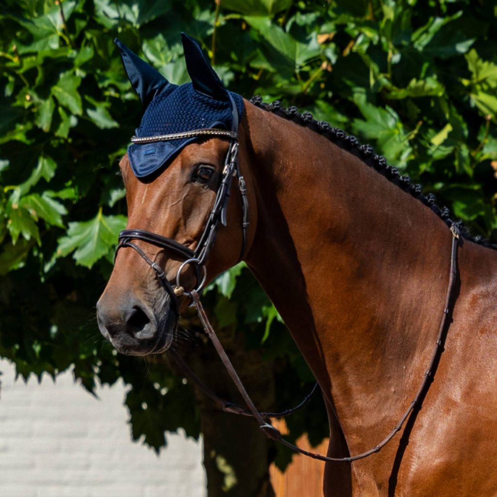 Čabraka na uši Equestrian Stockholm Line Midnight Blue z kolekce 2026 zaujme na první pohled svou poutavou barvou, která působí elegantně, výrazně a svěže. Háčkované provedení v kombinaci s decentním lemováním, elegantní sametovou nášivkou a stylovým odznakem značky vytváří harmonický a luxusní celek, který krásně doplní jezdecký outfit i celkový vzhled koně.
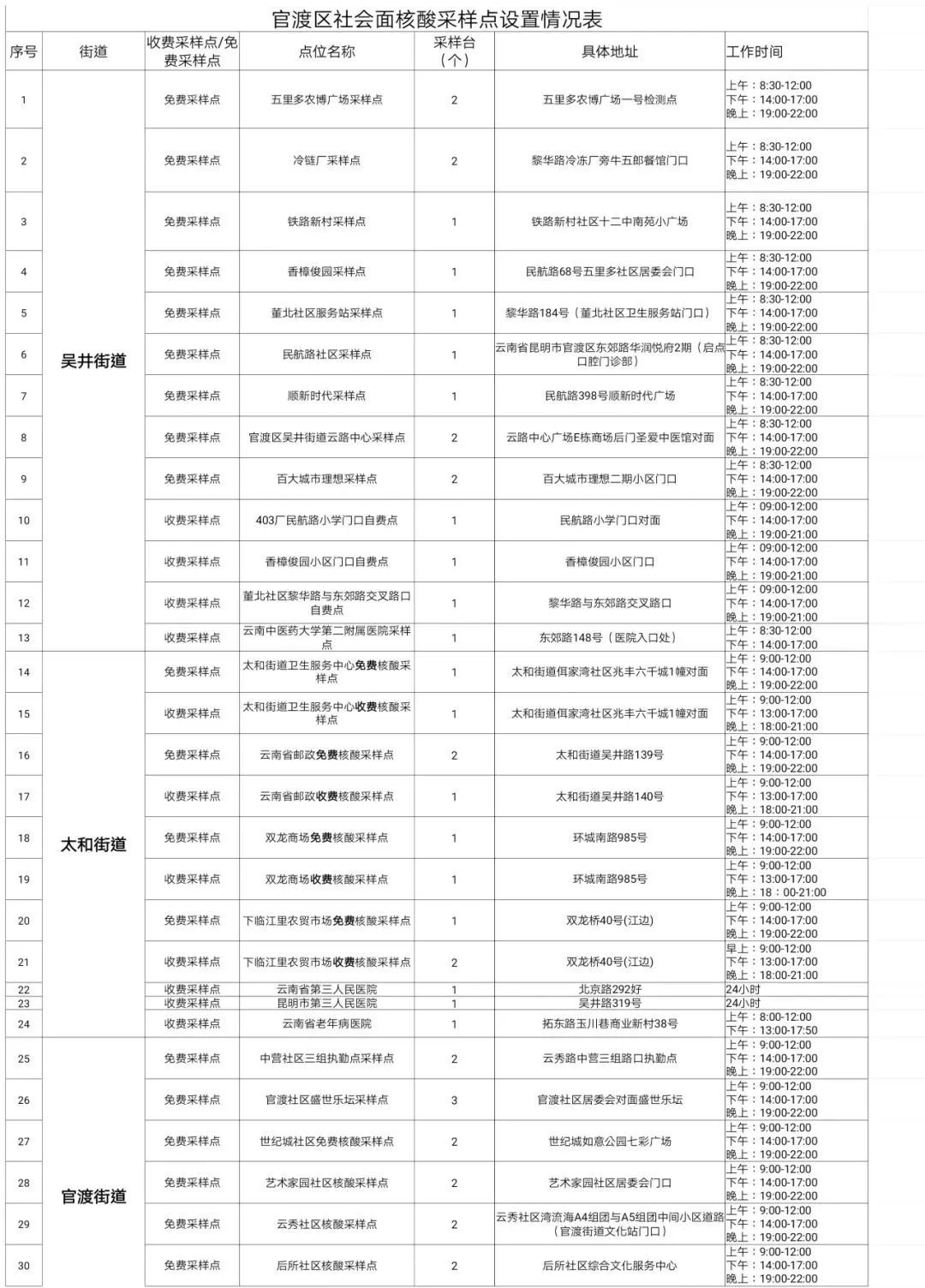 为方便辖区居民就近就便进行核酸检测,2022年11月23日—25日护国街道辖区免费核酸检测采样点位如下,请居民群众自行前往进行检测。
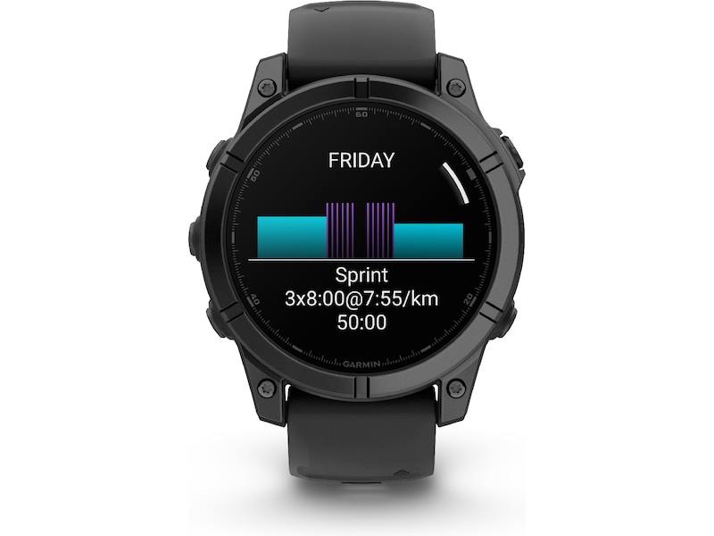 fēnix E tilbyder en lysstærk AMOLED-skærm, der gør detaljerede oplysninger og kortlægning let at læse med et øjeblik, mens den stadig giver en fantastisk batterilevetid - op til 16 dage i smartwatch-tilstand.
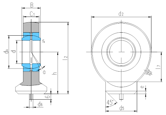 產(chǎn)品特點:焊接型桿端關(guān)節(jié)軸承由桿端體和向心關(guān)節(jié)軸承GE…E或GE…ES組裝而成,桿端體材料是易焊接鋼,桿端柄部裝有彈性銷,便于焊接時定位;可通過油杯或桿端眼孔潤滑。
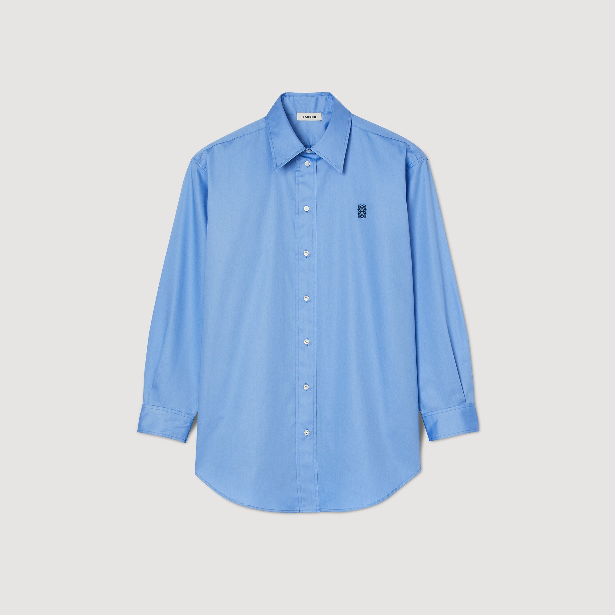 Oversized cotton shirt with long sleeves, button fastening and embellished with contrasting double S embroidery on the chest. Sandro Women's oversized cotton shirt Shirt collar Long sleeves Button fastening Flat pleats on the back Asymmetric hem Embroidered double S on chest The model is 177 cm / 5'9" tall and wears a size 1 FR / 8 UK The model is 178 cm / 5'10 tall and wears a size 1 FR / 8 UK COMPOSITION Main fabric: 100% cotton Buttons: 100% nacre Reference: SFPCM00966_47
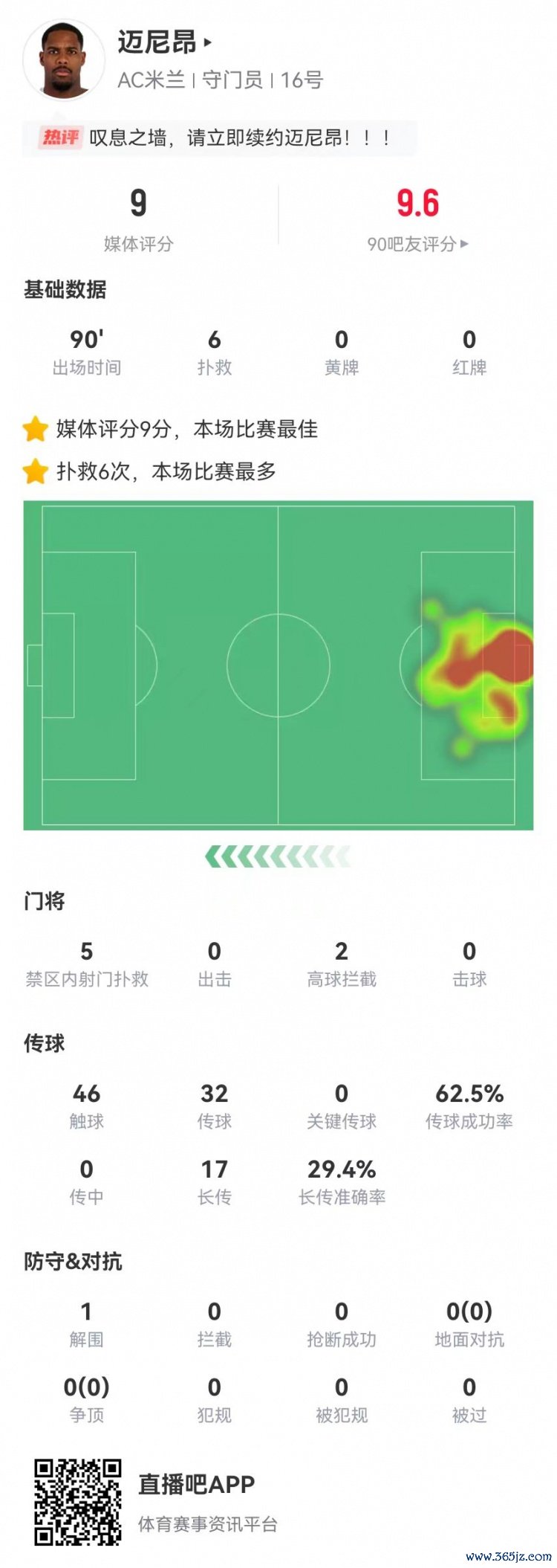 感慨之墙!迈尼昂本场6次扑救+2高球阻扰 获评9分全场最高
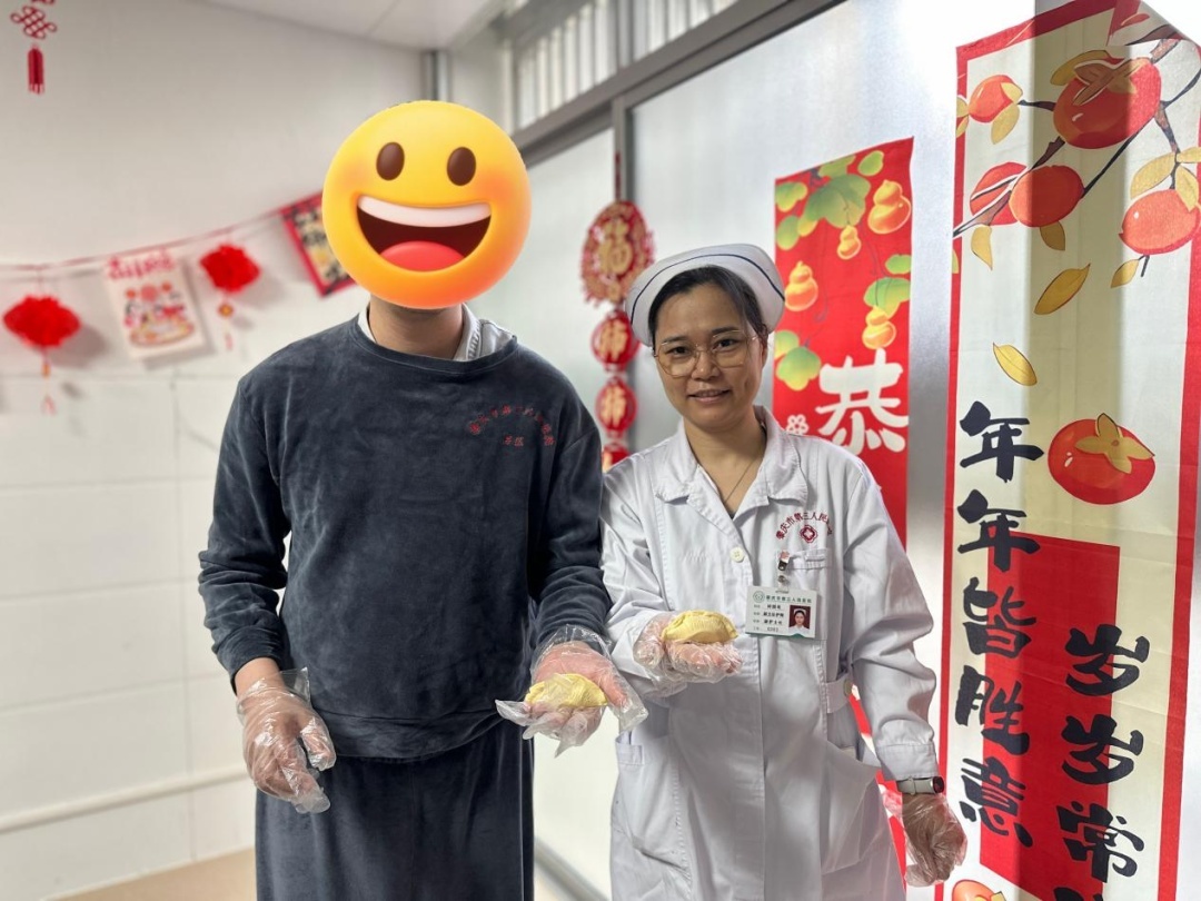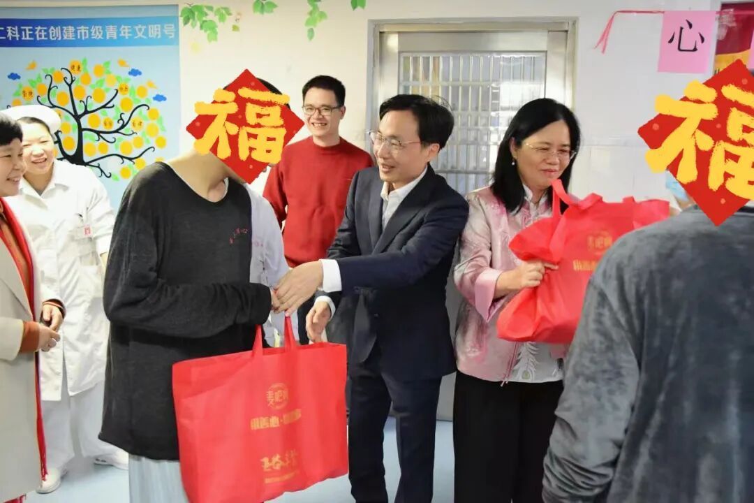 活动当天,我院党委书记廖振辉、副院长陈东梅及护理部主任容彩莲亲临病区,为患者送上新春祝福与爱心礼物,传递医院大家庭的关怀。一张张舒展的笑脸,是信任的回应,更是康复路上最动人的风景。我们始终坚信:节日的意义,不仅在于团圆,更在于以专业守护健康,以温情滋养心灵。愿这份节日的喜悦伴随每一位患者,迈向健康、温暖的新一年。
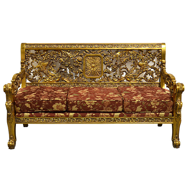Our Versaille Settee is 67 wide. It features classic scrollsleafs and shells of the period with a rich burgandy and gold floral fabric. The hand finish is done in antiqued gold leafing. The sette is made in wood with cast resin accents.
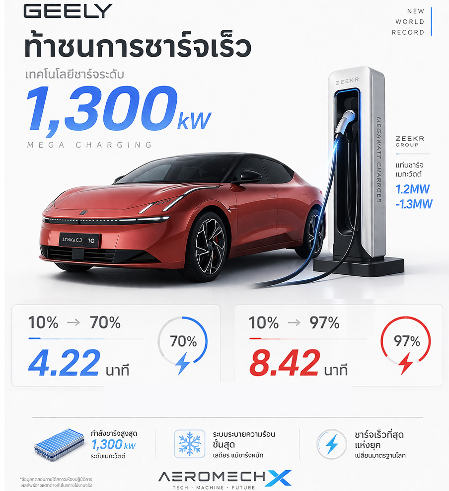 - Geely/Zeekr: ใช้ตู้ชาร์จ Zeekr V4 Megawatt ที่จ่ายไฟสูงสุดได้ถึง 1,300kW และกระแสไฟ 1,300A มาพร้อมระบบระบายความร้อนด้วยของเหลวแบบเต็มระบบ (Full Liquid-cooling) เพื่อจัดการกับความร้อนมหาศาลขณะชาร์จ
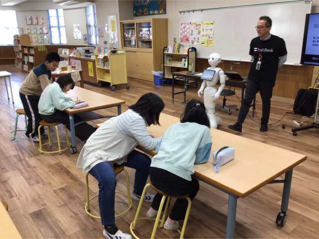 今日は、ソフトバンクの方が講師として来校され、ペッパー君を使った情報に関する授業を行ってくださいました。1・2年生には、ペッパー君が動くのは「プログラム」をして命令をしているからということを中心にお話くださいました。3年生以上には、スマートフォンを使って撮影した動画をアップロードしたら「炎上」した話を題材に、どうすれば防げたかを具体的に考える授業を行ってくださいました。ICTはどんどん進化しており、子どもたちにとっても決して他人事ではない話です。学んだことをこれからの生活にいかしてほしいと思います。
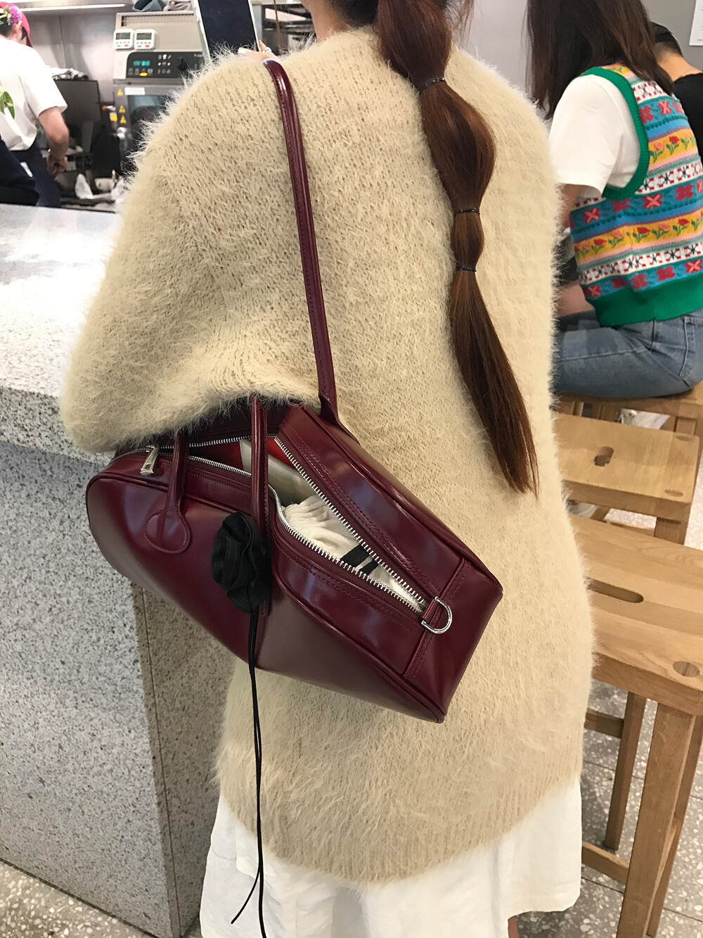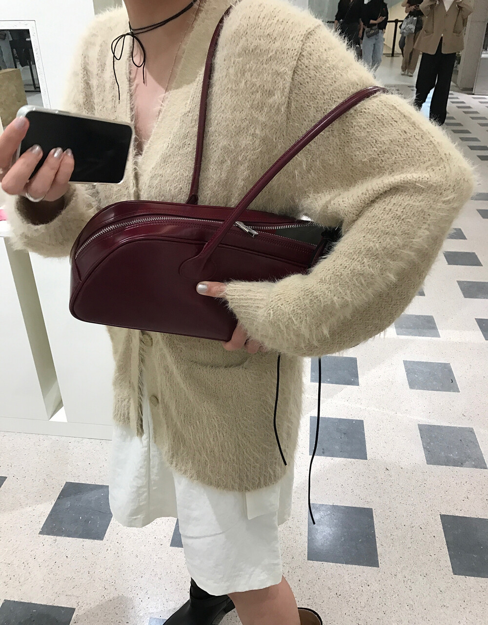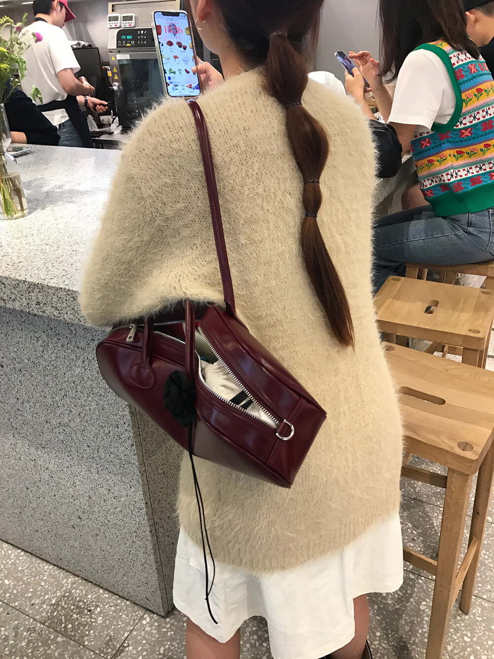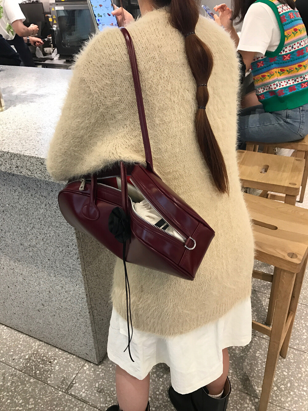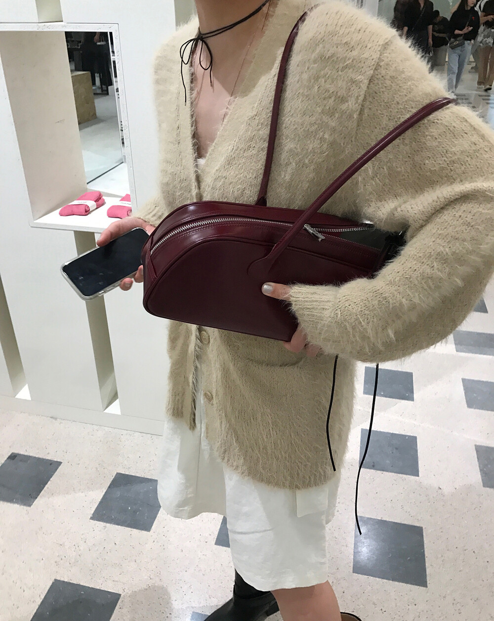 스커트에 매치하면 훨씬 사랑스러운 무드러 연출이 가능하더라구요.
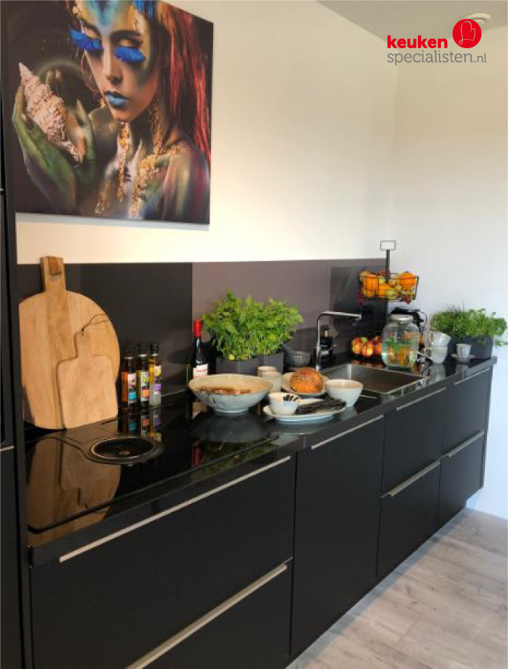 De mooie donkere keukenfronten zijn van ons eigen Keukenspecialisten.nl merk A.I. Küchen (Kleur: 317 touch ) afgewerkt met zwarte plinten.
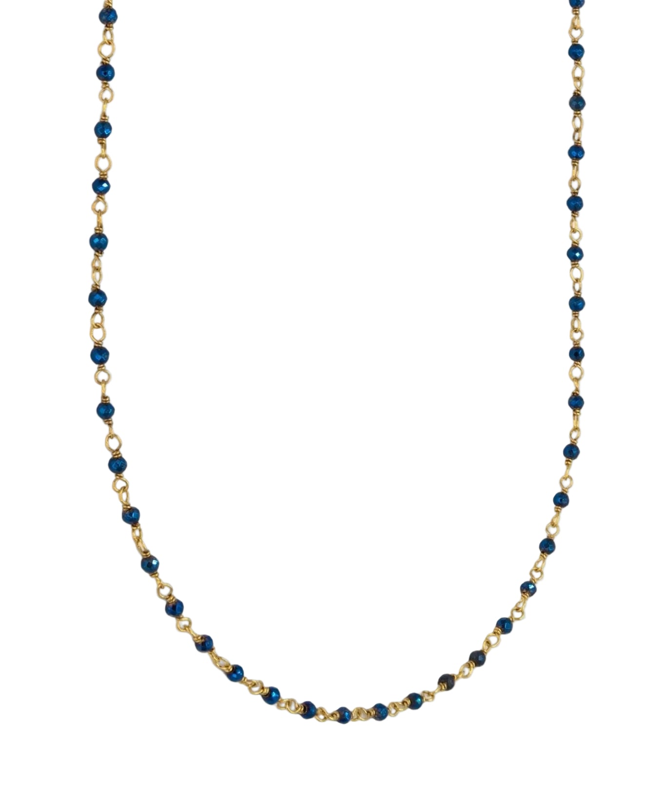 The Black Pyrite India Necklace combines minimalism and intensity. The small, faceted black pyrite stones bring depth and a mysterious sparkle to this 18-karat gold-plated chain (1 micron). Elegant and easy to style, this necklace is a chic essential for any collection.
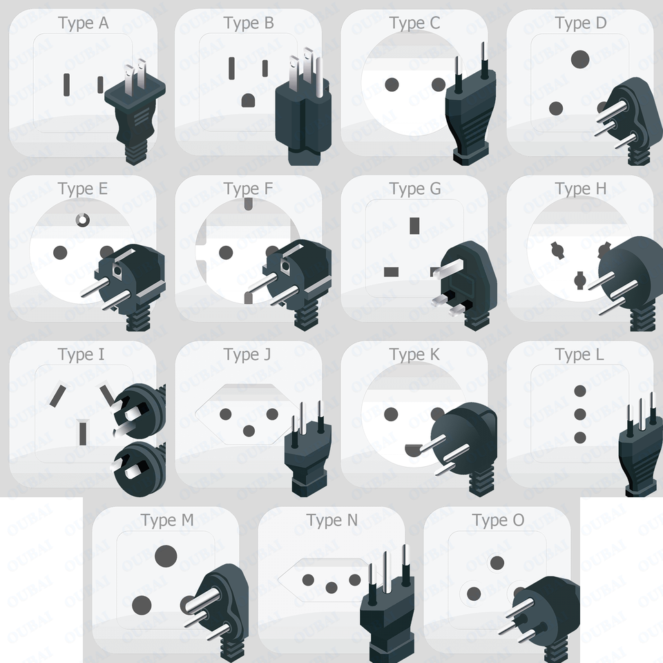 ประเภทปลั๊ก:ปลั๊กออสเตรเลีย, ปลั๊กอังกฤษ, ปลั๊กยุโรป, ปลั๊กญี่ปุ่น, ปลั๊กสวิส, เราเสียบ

WHAT YOU HAVE TO DO: Please write out all the entries above exactly, but leave out the pictures.

EXERCISE ANSWER:
 Čabraka na uši Equestrian Stockholm Line Midnight Blue z kolekce 2026 zaujme na první pohled svou poutavou barvou, která působí elegantně, výrazně a svěže. Háčkované provedení v kombinaci s decentním lemováním, elegantní sametovou nášivkou a stylovým odznakem značky vytváří harmonický a luxusní celek, který krásně doplní jezdecký outfit i celkový vzhled koně.
 为方便辖区居民就近就便进行核酸检测,2022年11月23日—25日护国街道辖区免费核酸检测采样点位如下,请居民群众自行前往进行检测。
 fēnix E tilbyder en lysstærk AMOLED-skærm, der gør detaljerede oplysninger og kortlægning let at læse med et øjeblik, mens den stadig giver en fantastisk batterilevetid - op til 16 dage i smartwatch-tilstand.
 產(chǎn)品特點:焊接型桿端關(guān)節(jié)軸承由桿端體和向心關(guān)節(jié)軸承GE…E或GE…ES組裝而成,桿端體材料是易焊接鋼,桿端柄部裝有彈性銷,便于焊接時定位;可通過油杯或桿端眼孔潤滑。
 Oversized cotton shirt with long sleeves, button fastening and embellished with contrasting double S embroidery on the chest. Sandro Women's oversized cotton shirt Shirt collar Long sleeves Button fastening Flat pleats on the back Asymmetric hem Embroidered double S on chest The model is 177 cm / 5'9" tall and wears a size 1 FR / 8 UK The model is 178 cm / 5'10 tall and wears a size 1 FR / 8 UK COMPOSITION Main fabric: 100% cotton Buttons: 100% nacre Reference: SFPCM00966_47
 感慨之墙!迈尼昂本场6次扑救+2高球阻扰 获评9分全场最高
 活动当天,我院党委书记廖振辉、副院长陈东梅及护理部主任容彩莲亲临病区,为患者送上新春祝福与爱心礼物,传递医院大家庭的关怀。一张张舒展的笑脸,是信任的回应,更是康复路上最动人的风景。我们始终坚信:节日的意义,不仅在于团圆,更在于以专业守护健康,以温情滋养心灵。愿这份节日的喜悦伴随每一位患者,迈向健康、温暖的新一年。
Our Versaille Settee is 67 wide. It features classic scrollsleafs and shells of the period with a rich burgandy and gold floral fabric. The hand finish is done in antiqued gold leafing. The sette is made in wood with cast resin accents.
 - Geely/Zeekr: ใช้ตู้ชาร์จ Zeekr V4 Megawatt ที่จ่ายไฟสูงสุดได้ถึง 1,300kW และกระแสไฟ 1,300A มาพร้อมระบบระบายความร้อนด้วยของเหลวแบบเต็มระบบ (Full Liquid-cooling) เพื่อจัดการกับความร้อนมหาศาลขณะชาร์จ
 今日は、ソフトバンクの方が講師として来校され、ペッパー君を使った情報に関する授業を行ってくださいました。1・2年生には、ペッパー君が動くのは「プログラム」をして命令をしているからということを中心にお話くださいました。3年生以上には、スマートフォンを使って撮影した動画をアップロードしたら「炎上」した話を題材に、どうすれば防げたかを具体的に考える授業を行ってくださいました。ICTはどんどん進化しており、子どもたちにとっても決して他人事ではない話です。学んだことをこれからの生活にいかしてほしいと思います。
 스커트에 매치하면 훨씬 사랑스러운 무드러 연출이 가능하더라구요.
 De mooie donkere keukenfronten zijn van ons eigen Keukenspecialisten.nl merk A.I. Küchen (Kleur: 317 touch ) afgewerkt met zwarte plinten.
 The Black Pyrite India Necklace combines minimalism and intensity. The small, faceted black pyrite stones bring depth and a mysterious sparkle to this 18-karat gold-plated chain (1 micron). Elegant and easy to style, this necklace is a chic essential for any collection.
 ประเภทปลั๊ก:ปลั๊กออสเตรเลีย, ปลั๊กอังกฤษ, ปลั๊กยุโรป, ปลั๊กญี่ปุ่น, ปลั๊กสวิส, เราเสียบ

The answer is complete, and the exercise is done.